I called August a few times today but he didn't answer. I was starting to feel dumb and upset. How does this man have me in my feelings and we aren't even together? I sighed laying back on my bed looking up at the ceiling. I got bored and pulled my phone out getting on my instagram. I don't know why but I searched August name up and clicked on his profile seeing he posted a picture with Priscilla 5 minutes ago and the caption read ...

"Vacation wit my lah lady😍👅💦"

They were on the beach together and Priscilla was in a 2 piece bathing suit with her ass out and August was all over her.

Why am I even feeling upset about this right now we're just friends nothin more...I have to remember that. I got off of Instagram sitting my phone next to me and went back to day dreaming looking at the ceiling.

Sometimes I don't know what's wrong with me. Im a very deep thinker so most of the time im thinking. I have a really hard time letting people in. I make people feel like they know me when in reality they don't. I feel like no one knows me like I know myself , no one knows what's best for me but myself.

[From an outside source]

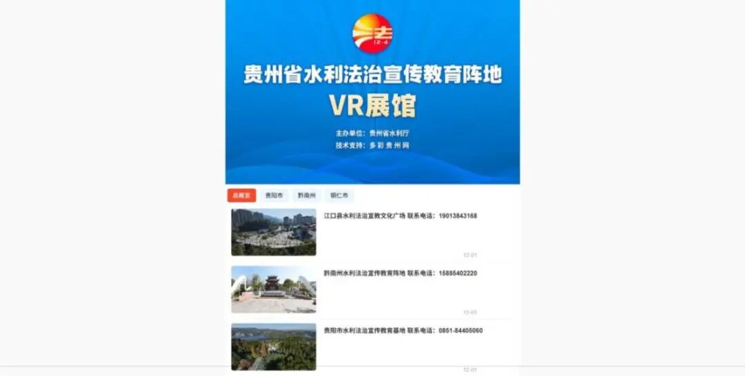 2025年12月4日,由贵州省水利厅主办,多彩贵州网提供技术支持的“贵州省水利法治宣传教育阵地VR展馆”正式上线。标志着无需排队,不必远行,就能沉浸式打卡、数智化体验贵州水利法治宣传教育阵地魅力和贵州水文化脉络。

At times I question god and I pray to God but other times I doubt if he's really real...the same question flows through my mind 24/7 if you can't see it does it mean it is not real? That's how I feel at times toward god. I can't see you so how can I know you're real? Sometimes the signs people say God shows them im too blind to see the ones he gives me on my own.

I snapped out of my thoughts when my doorbell rang. Who could possibly be at my door right now August is away with his girlfriend so it can't be him.

I opened the door seeing no one there. I started to get scared so I hurried up and shut it , locking it before something crazier happened. I looked out the window just to double check and there was nothin. Maybe it was just the wind..I said to make myself feel better.

I quickly jogged back up the steps and got into bed getting comfy, guess I'll take a nap since I have nothin else to do.